Schwoebel barriers on Si(111) steps and kinks

TL;DR

This study calculates Schwoebel barriers at Si(111) step edges and kinks, revealing how rebonding influences barrier heights and suggesting multi-atom processes may have lower barriers, with implications for surface diffusion.

Contribution

It provides detailed calculations of Schwoebel barriers at different kink types on Si(111) steps, highlighting the impact of rebonding and atom movement on barrier values.

Findings

Rebonding reduces Schwoebel barriers at kinks.

Barrier estimates vary with binding energy calculations.

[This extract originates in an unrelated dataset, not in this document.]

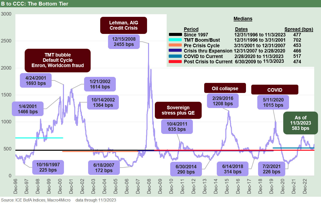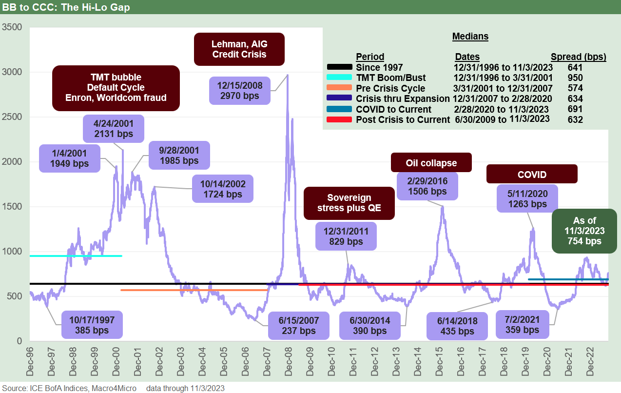 The +754 bps BB vs. CCC differential (11-3-23) is substantially wider than the long-term median of +641 bps and naturally even more distant from the lows. The peak differential noted in the chart tells a clear enough story on how much the high end and low can diverge. The 2001-2002 and 2008 periods were peak default risk and crisis periods. The 2011 whipsaw tied into sovereign stress while 2016 was mostly (not entirely) about oil and gas. COVID was a new one for the modern capital markets.

Multi-atom processes may have smaller barriers.

Abstract

Motivated by our previous work using the Stillinger-Weber potential, which shows that the [$\overline{2}11$] step on 1$\times$1 reconstructed Si(111) has a Schwoebel barrier of 0.61$\pm$0.07 eV, we calculate here the same barrier corresponding to two types of kinks on this step - one with rebonding between upper and lower terrace atoms (type B) and the other without (type A). From the binding energy of an adatom, without additional relaxation of other atoms, we find that the Schwoebel barrier must be less than 0.39 eV (0.62 eV) for the kink of type A (type B). From the true adatom binding energy we determine the Schwoebel barrier to be 0.15$\pm$0.07eV (0.50$\pm$0.07 eV). The reduction of the Schwoebel barrier due to the presence of rebonding along the step edge or kink site is argued to be a robust feature. However, as the true binding energy plots show discontinuities due to significant movement of atoms at the kink site, we speculate on the possibility of multi-atom processes having smaller Schwoebel barriers.